When executing the DBSCAN algorithm over multiple runs on similar data (but not the same), I would like to generate persistent ID's so we can monitor how the clusters changed over time.
Selection of another algorithm is not possible. This question also applies to similar stochastic methods such as k-means.
The goal is to minimize the % of cluster ID changes (assignments) for the same observations over time when new data is added.
i.e.: clustering on the same data twice should yield exactly the same ID numbers and the IDs contain the same points. If there are new clusters, new IDs are generated, etc.
EDIT
The goal is also to be able to reference the information contained in the clusters via third-party applications (not just for analysis).
e.g.: clustering of StackExchange questions, when you read one question, you might like to read other questions of the same type (cluster).

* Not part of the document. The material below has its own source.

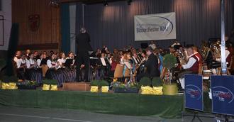 „Film ab“ hieß es dann für ein mit Hingabe musizierendes großes Blasorchester und seinen Regisseur Dominik Seibold. Gemeinsam mit der Jugendkapelle wurde Hans Zimmers „At World’s End“ aus „Fluch der Karibik“ in klanggewaltiger Fassung dargeboten. Dabei bewegten musikalische Leidenschaft, Solo- und aufwühlender Chorgesang und die imposante Anzahl von fast 100 Instrumentalisten. Danach entführten Themen aus „Herr der Ringe“, die Gedenkkomposition „Hymn to the Fallen“ sowie „Ennio Morricones Klassiker-Medley“ in emotionale Klangwelten, die - von Marcus Keller gewohnt empathisch moderiert - mit den Selections aus „The Greatest Showman“ ein fulminantes Finale bildeten. Unter großem Applaus des Publikums setzten glänzend aufgelegte Akteure mit „Miss Marple“ und „Die tollkühnen Männer in ihren fliegenden Kisten“ einen brillanten Schlussakkord.

Clusters IDs have been assigned to these questions but one would like for practical reasons be able to use the same cluster IDs to reference the same group of documents over time (multiple reclustering)
Example
{A, B}, {C, D}
are assigned cluster IDs 1, 2
In a future iteration, the clusters change to:
{A}, {B,C,D}
.
The cluster IDs remain at 1, 2
. (going by the most common cluster ID of every item from the previous iteration. for B, C, D
IDs were (1,2,2) so we choose 2)
If instead, the clusters become:
{A, B}, {C}, {D}
, cluster ID's may be assigned 1, 2, 3
or 1, 3, 2
because both possible answers minimize the number of cluster ID changes for items in the cluster.
If instead, the clusters become:
{A}, {B}, {C}, {D}
, cluster ID's may be assigned in a way that the maximum number of items are assigned the same IDs from the old clusters: cluster ID 1
is assigned to A
or B
, and cluster ID 2 is assigned to one of C
or D
and the new clusters are assigned ID's 3, 4
.